Abstract A newly developed graph‐theoretical artificial intelligence program has been used to evaluate qualitatively the antileukemic activity of 9‐anilino‐acridines and the activity of 2′,3′‐dideoxy‐nucleosides against HIV. The idea behind the approach is to predict the biological activity of any chemical compound on the basis of already identified pharmacologically/toxicologically relevant components of the molecules exhibiting the same kind of activity.

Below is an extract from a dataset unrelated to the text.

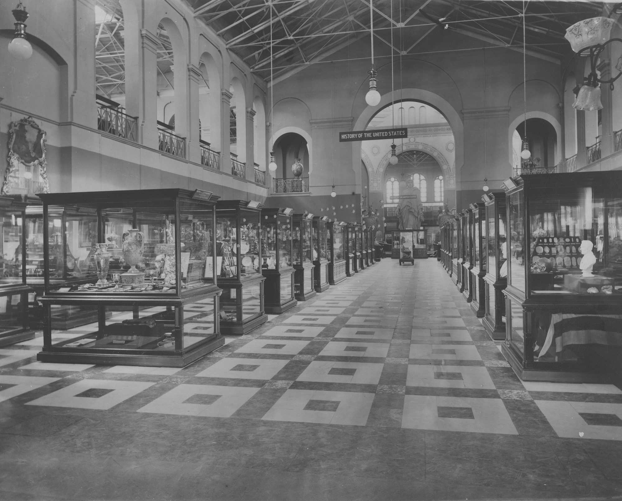 A sign "History of the United States" hangs over exhibit cases in the North Hall of the United States National Museum, now known as the Arts and Industries Building. Cases on the left hold decorative vases and other decorative art objects. In the first case on the right, the top level holds a bust of Abraham Lincoln and other artifacts. A flag-draped object is below. At the far end of the hall is the "Statue of Freedom." in the rotunda The railings to the galleries on the second floor completed in 1903 are in the upper right and left.

A family of new graph‐theoretical (topological) vertex indices called distance exponent indices (Dx) of molecular graph have been proposed and used in the present study. Two previously used information‐theoretical topological indices viz., vertex distance complexity (Vd) and normalized vertex distance complexity (Vdn) have also been used. However, some distance exponent indices have produced the most significant results. These indices appear to identify biologically relevant molecular components (vertices in our case) quite effectively. Subsequently, an experiment of cross‐validation has been carried out to analyze the predictive power of the present approach. The possible application of the vertex indices, considered here, in different databases has also been discussed.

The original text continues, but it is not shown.